Let’s now see what happens if we introduce an outlier and see the effect of scaling using Standard Scaler and Robust Scaler (a circle shows an outlier).

```
dfr = pd.DataFrame({'WEIGHT': [15, 18, 12,10,50],
'PRICE': [1,3,2,5,20]},
index = ['Orange','Apple','Banana','Grape','Jackfruit'])
print(dfr)
from sklearn.preprocessing import StandardScaler
scaler = StandardScaler()
df21 = pd.DataFrame(scaler.fit_transform(dfr),
columns=['WEIGHT','PRICE'],
index = ['Orange','Apple','Banana','Grape','Jackfruit'])
ax = dfr.plot.scatter(x='WEIGHT', y='PRICE',color=['red','green','blue','yellow','black'],
marker = '*',s=80, label='BREFORE SCALING');
df21.plot.scatter(x='WEIGHT', y='PRICE', color=['red','green','blue','yellow','black'],
marker = 'o',s=60,label='STANDARD', ax = ax,figsize=(12,6))
from sklearn.preprocessing import RobustScaler
scaler = RobustScaler()
df31 = pd.DataFrame(scaler.fit_transform(dfr),
columns=['WEIGHT','PRICE'],
index = ['Orange','Apple','Banana','Grape','Jackfruit'])
df31.plot.scatter(x='WEIGHT', y='PRICE', color=['red','green','blue','yellow','black'],
marker = 'v',s=60,label='ROBUST', ax = ax,figsize=(12,6))
plt.axhline(0, color='red',alpha=0.2)
plt.axvline(0, color='red',alpha=0.2);
WEIGHT PRICE
Orange 15 1
Apple 18 3
Banana 12 2
Grape 10 5
Jackfruit 50 20
```

Transform features using quantiles information. This method transforms the features to follow a **uniform or a normal **distribution. Therefore, for a given feature, this transformation tends to spread out the most frequent values. It also reduces the impact of (marginal) outliers: this is, therefore, a **robust pre-processing** scheme.

The cumulative distribution function of a feature is used to project the original values. Note that this transform is non-linear and may distort linear correlations between variables measured at the same scale but renders variables measured at different scales more directly comparable. This is also sometimes called as **Rank scaler.**

```
from sklearn.preprocessing import QuantileTransformer
scaler = QuantileTransformer()
df6 = pd.DataFrame(scaler.fit_transform(df),
columns=['WEIGHT','PRICE'],
index = ['Orange','Apple','Banana','Grape'])
ax = df.plot.scatter(x='WEIGHT', y='PRICE',color=['red','green','blue','yellow'],
marker = '*',s=80, label='BREFORE SCALING');
df6.plot.scatter(x='WEIGHT', y='PRICE', color=['red','green','blue','yellow'],
marker = 'o',s=60,label='AFTER SCALING', ax = ax,figsize=(6,4))
plt.axhline(0, color='red',alpha=0.2)
plt.axvline(0, color='red',alpha=0.2);
```

The above example is just for illustration as a Quantile transformer is useful when we have a large dataset with many data points usually more than 1000.

The power transformer is a family of parametric, monotonic transformations that are applied to **make data more Gaussian-like**. This is useful for modeling issues related to the variability of a variable that is unequal across the range (heteroscedasticity) or situations where normality is desired.
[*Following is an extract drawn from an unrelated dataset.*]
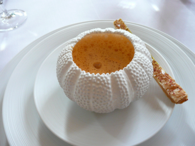 Installé dans le très austère immeuble du Crédit Suisse (ça tombe bien, il est lui aussi d’origine helvétique), sa cuisine ne l’est pas pour autant. Depuis sa grande salle de restaurant aux plafonds très hauts, il a su fidéliser une clientèle amatrice de bonne table et de grandes bouteilles. Colorée, goûteuse, originale et lisible, sa cuisine est enjouée et limpide, jugez plutôt sur le menu du déjeuner.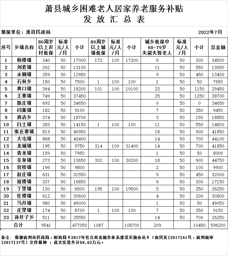2022年7月居家养老生活服务补贴发放汇总表

The power transform finds the optimal scaling factor in stabilizing variance and minimizing skewness through maximum likelihood estimation. Currently, Sklearn implementation of PowerTransformer supports the Box-Cox transform and the Yeo-Johnson transform. The optimal parameter for stabilizing variance and minimizing skewness is estimated through maximum likelihood. Box-Cox requires input data to be strictly positive, while Yeo-Johnson supports both positive and negative data.

```
from sklearn.preprocessing import PowerTransformer
scaler = PowerTransformer(method='yeo-johnson')
df5 = pd.DataFrame(scaler.fit_transform(df),
columns=['WEIGHT','PRICE'],
index = ['Orange','Apple','Banana','Grape'])
ax = df.plot.scatter(x='WEIGHT', y='PRICE',color=['red','green','blue','yellow'],
marker = '*',s=80, label='BREFORE SCALING');
df5.plot.scatter(x='WEIGHT', y='PRICE', color=['red','green','blue','yellow'],
marker = 'o',s=60,label='AFTER SCALING', ax = ax)
plt.axhline(0, color='red',alpha=0.2)
plt.axvline(0, color='red',alpha=0.2);
```

Scaling is done considering the whole feature vector to be of unit length. This usually means dividing each component by the Euclidean length of the vector (L2 Norm). In some applications (e.g., histogram features), it can be more practical to use the L1 norm of the feature vector.

Like Min-Max Scaling, the Unit Vector technique produces values of range [0,1]. When dealing with features with hard boundaries, this is quite useful. For example, when dealing with image data, the colors can range from only 0 to 255.

If we plot, then it would look as below for L1 and L2 norm, respectively.

The below diagram shows how data spread for all different scaling techniques, and as we can see, a few points are overlapping, thus not visible separately.

If you have ever built a machine learning pipeline, you must have always faced the question of whether to Normalize or Standardize. While there is no obvious answer to this question, it really depends on the application, there are still a few generalizations that can be drawn.

**Normalization **is good to use when the distribution of data does not follow a Gaussian distribution. It can be useful in algorithms that do not assume any distribution of the data like K-Nearest Neighbors. In Neural Networks algorithm that require data on a 0–1 scale, normalization is an essential pre-processing step. Another popular example of data normalization is image processing, where pixel intensities have to be normalized to fit within a certain range (i.e., 0 to 255 for the RGB color range).

**Standardization** can be helpful in cases where the data follows a Gaussian distribution. Though this does not have to be necessarily true. Since standardization does not have a bounding range, so, even if there are outliers in the data, they will not be affected by standardization. In clustering analyses, standardization comes in handy to compare similarities between features based on certain distance measures. Another prominent example is the Principal Component Analysis, where we usually prefer standardization over Min-Max scaling since we are interested in the components that maximize the variance.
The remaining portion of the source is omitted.